About this exercise. All lines from the one containing "好看的泳衣才是坚持游泳的动力" through the end of the material are to be given back exactly, without pictures.

Stored data.
Start of Block

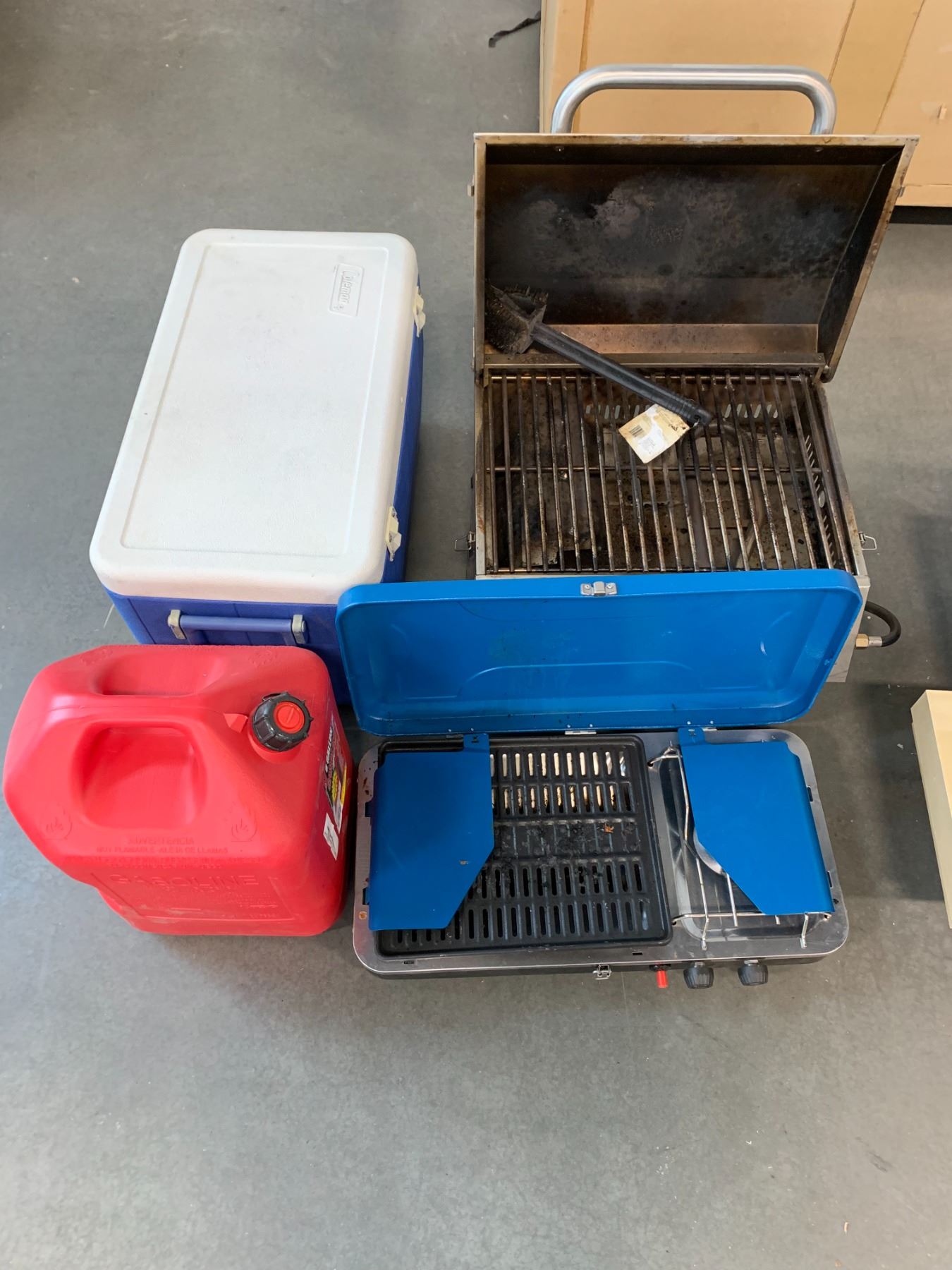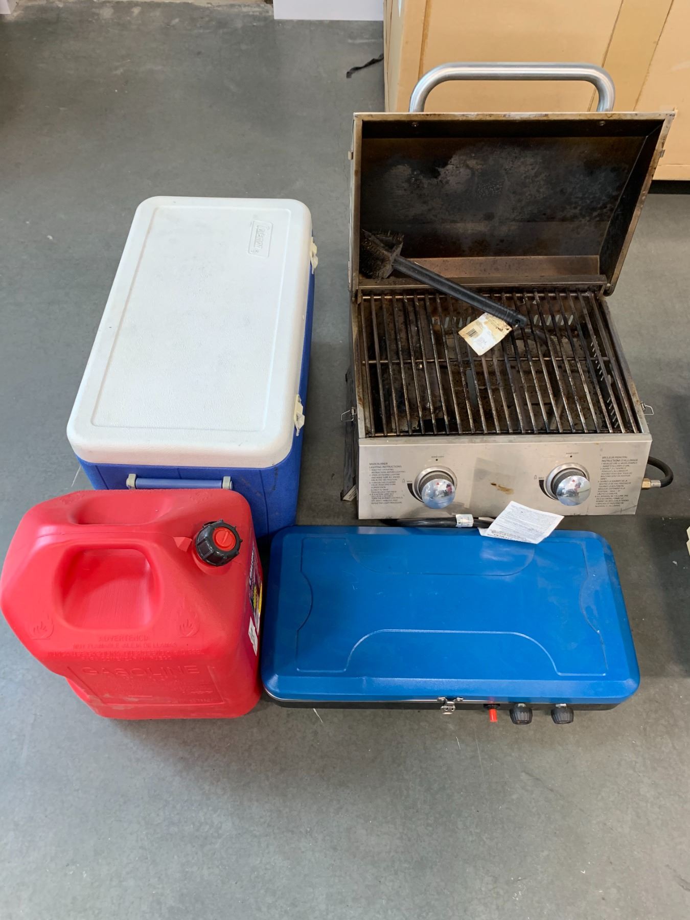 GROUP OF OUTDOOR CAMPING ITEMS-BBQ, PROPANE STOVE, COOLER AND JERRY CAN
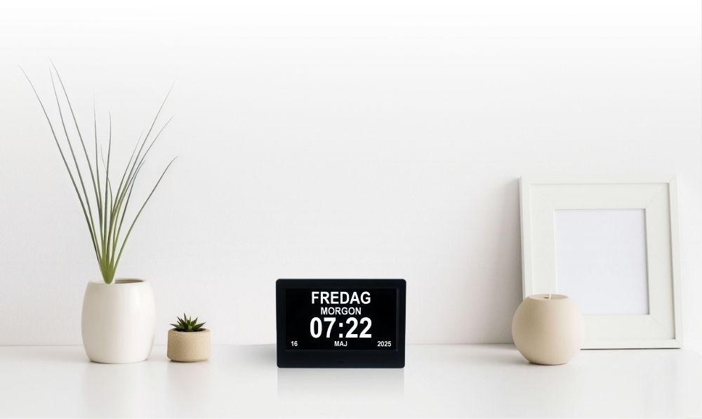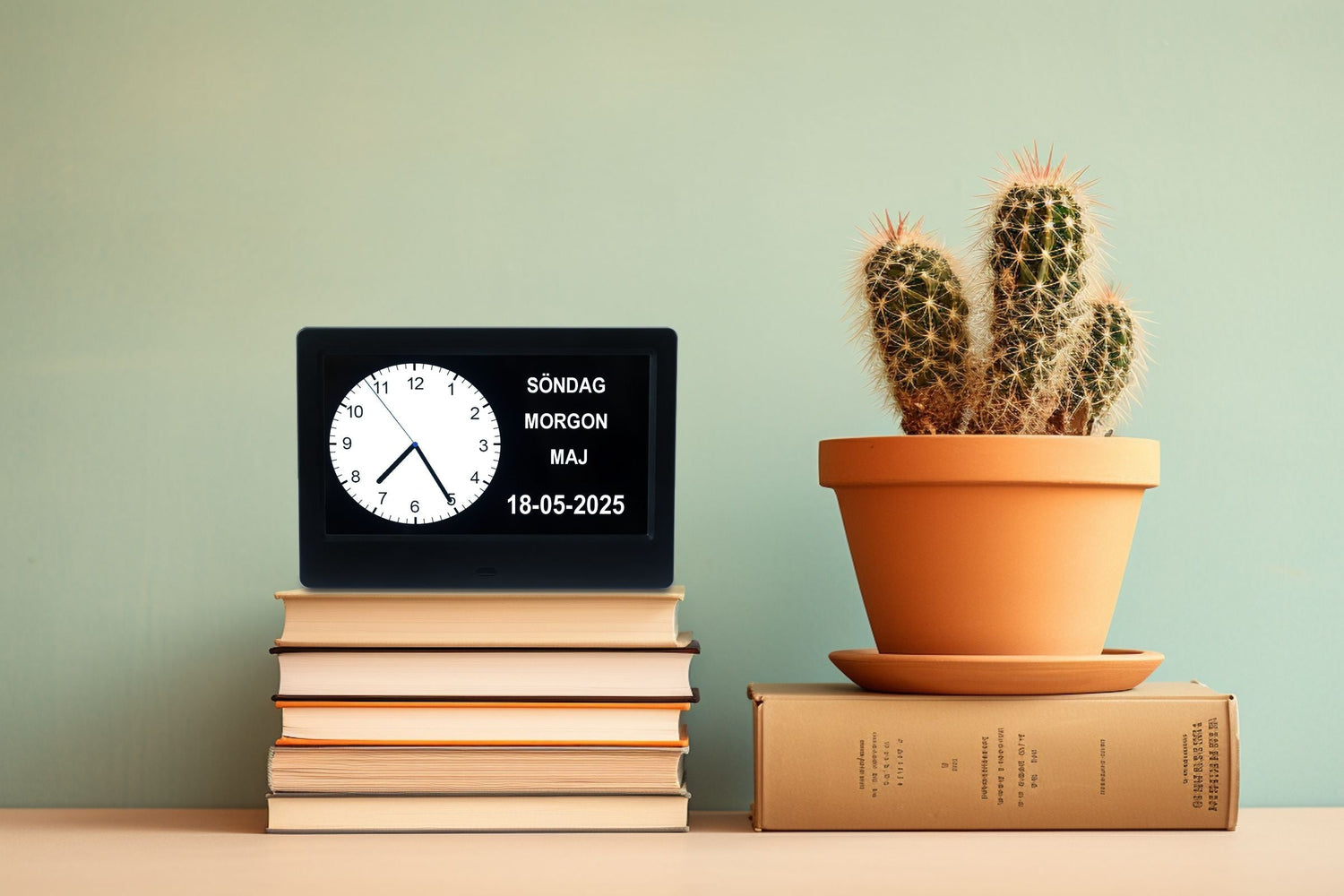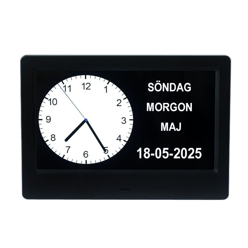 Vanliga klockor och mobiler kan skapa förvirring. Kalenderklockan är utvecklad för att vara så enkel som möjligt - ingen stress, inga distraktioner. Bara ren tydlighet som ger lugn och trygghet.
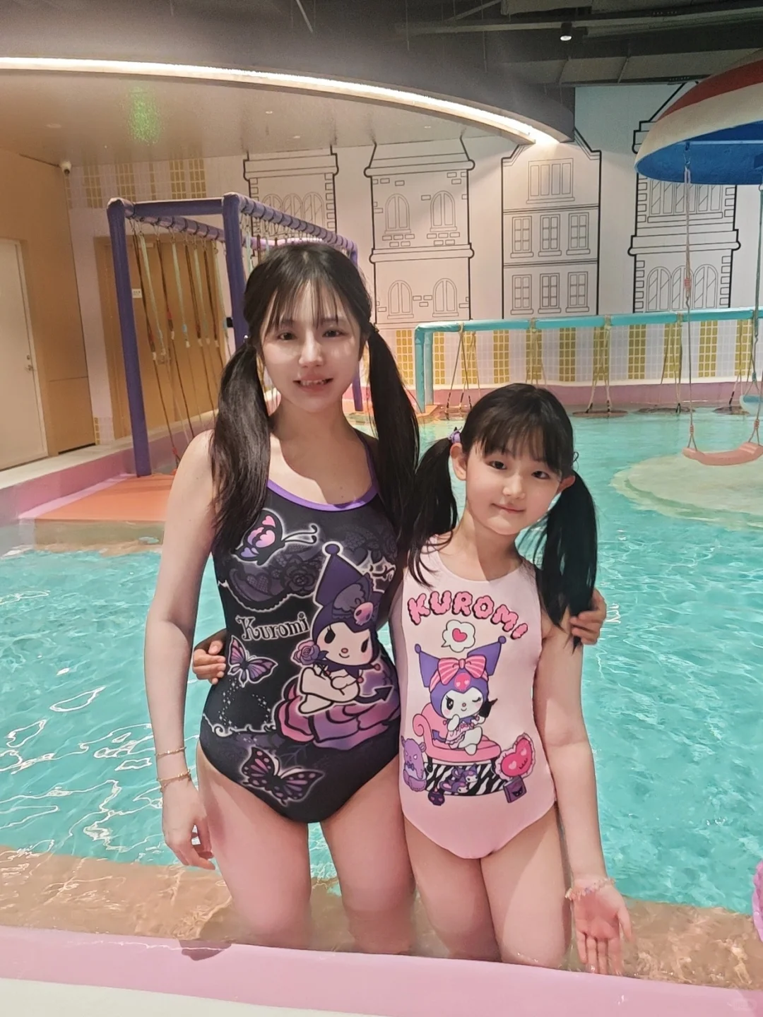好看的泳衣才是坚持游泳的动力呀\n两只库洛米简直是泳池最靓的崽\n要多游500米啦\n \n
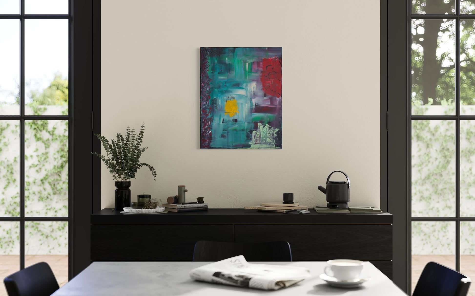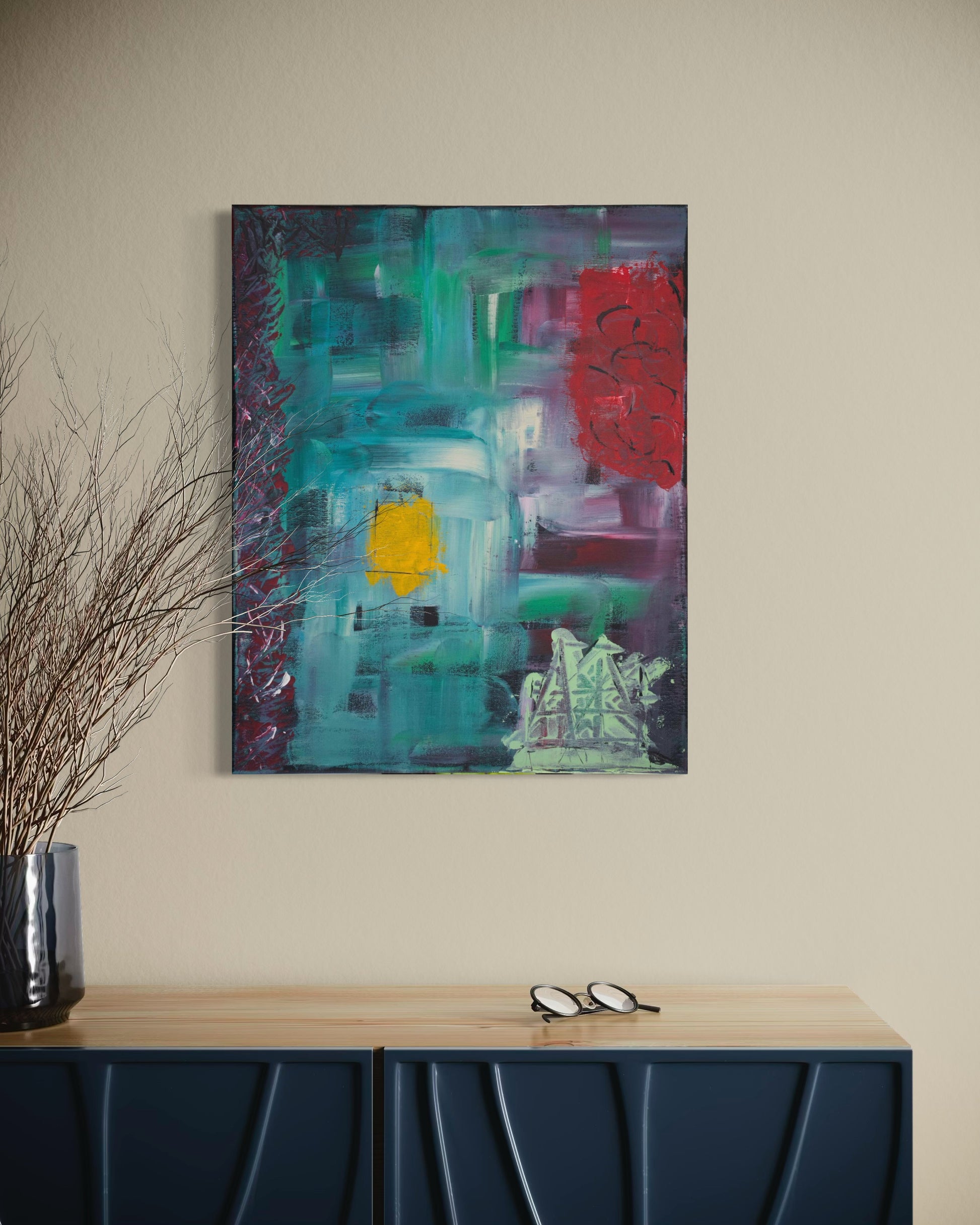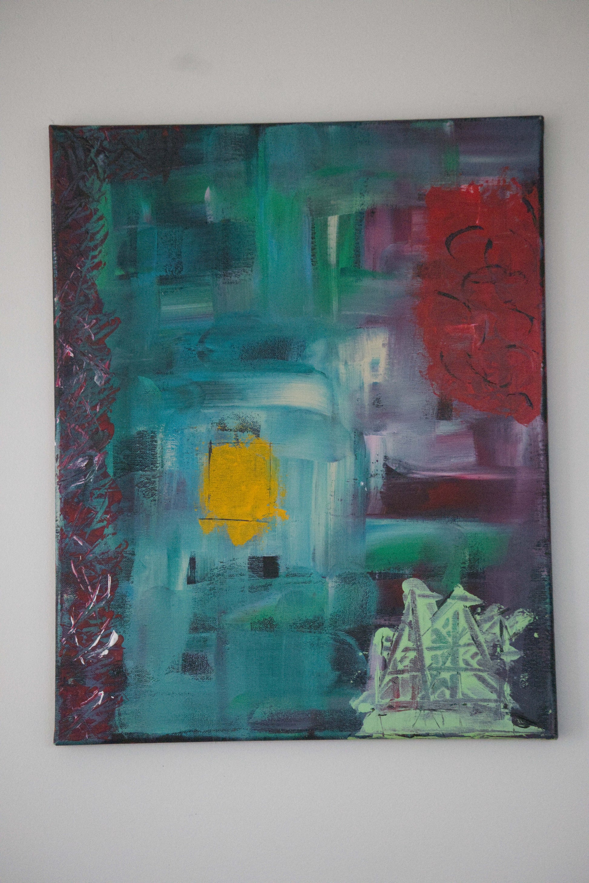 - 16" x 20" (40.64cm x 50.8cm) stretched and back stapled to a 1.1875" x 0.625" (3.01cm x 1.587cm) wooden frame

End of Block

Your response.
好看的泳衣才是坚持游泳的动力呀\n两只库洛米简直是泳池最靓的崽\n要多游500米啦\n \n
 - 16" x 20" (40.64cm x 50.8cm) stretched and back stapled to a 1.1875" x 0.625" (3.01cm x 1.587cm) wooden frame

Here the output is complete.